Meglio è radicarsi alla terra antica ed essere la nuova pianta della selva sacra, dalla quale parlarono già le prime voci degli uomini e degli Iddii, e conoscer le virtù della stirpe sì che la tua forza e la tua ansia profonda ne siano rinsaldate.
V’è un’ombra smisurata alla quale non farai fronte da solo se ben non t’impianti e ciò che più solo ti appare, più profondamente si radica nel suo popolo.
Così io ho inteso il tuo amore, babbo, e per questo è tua la prima fatica che valga al mio fine.
E con te è di tutti coloro che su la terra e sul mare hanno rinnovato questa Primavera Sacra.
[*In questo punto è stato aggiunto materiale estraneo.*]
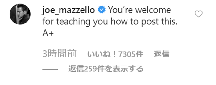 そこでジョーは、この投稿にまつわる裏話を暴露。どうやらラミは、この投稿をするにあたりインスタグラムの投稿の仕方をジョーから教わっていたようで、ジョーはコメント欄に「この投稿の仕方を教えてあげたことにどういたしまして。A+」と書き込み、ラミの投稿に大変よくできましたと言わんばかりのA+評価をした。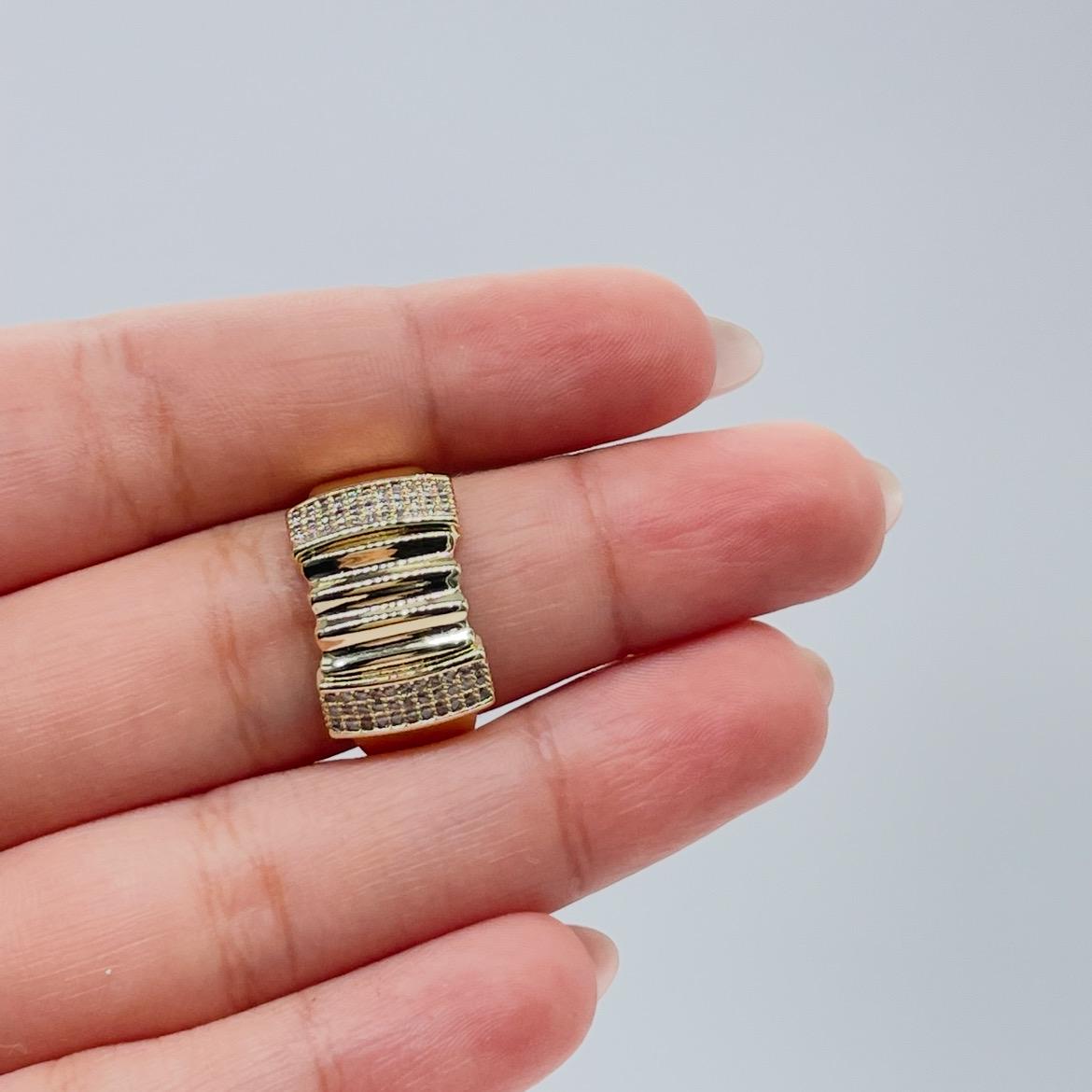 18k Gold Filled Adjustable Ring with Rowed Pattern and Round Pave CZ

Ed ai vivi ed ai morti e alla magnifica masnada giovanile e al cuore dei Condottieri la voglio dedicata.
Per ricordare.
“Il coraggio è di tutti i popoli, ma l’eroismo è solo di quelli che debbono vincere.„
Alfredo Oriani, Fino a Dogali.
Cominciammo con uomini che si avventuravano soli per le terre dell’Africa oscura, soli ed indifesi ma temprati al sacrificio e alla morte per condurre innanzi con la loro volontà il Destino della patria.
Morirono disperando. Non seppero e non videro forse che una generazione non lontana avrebbe raccolto i loro nomi per iscriverli nel martirologio della stirpe. Forse giacciono tuttavia lungo le piste carovaniere, pei deserti.
Pellegrino Matteucci, Antonio Cecchi, Giulietti, Bisleri, Chiarini, Bianchi, Diana, Monari: ecco i pionieri autoctoni.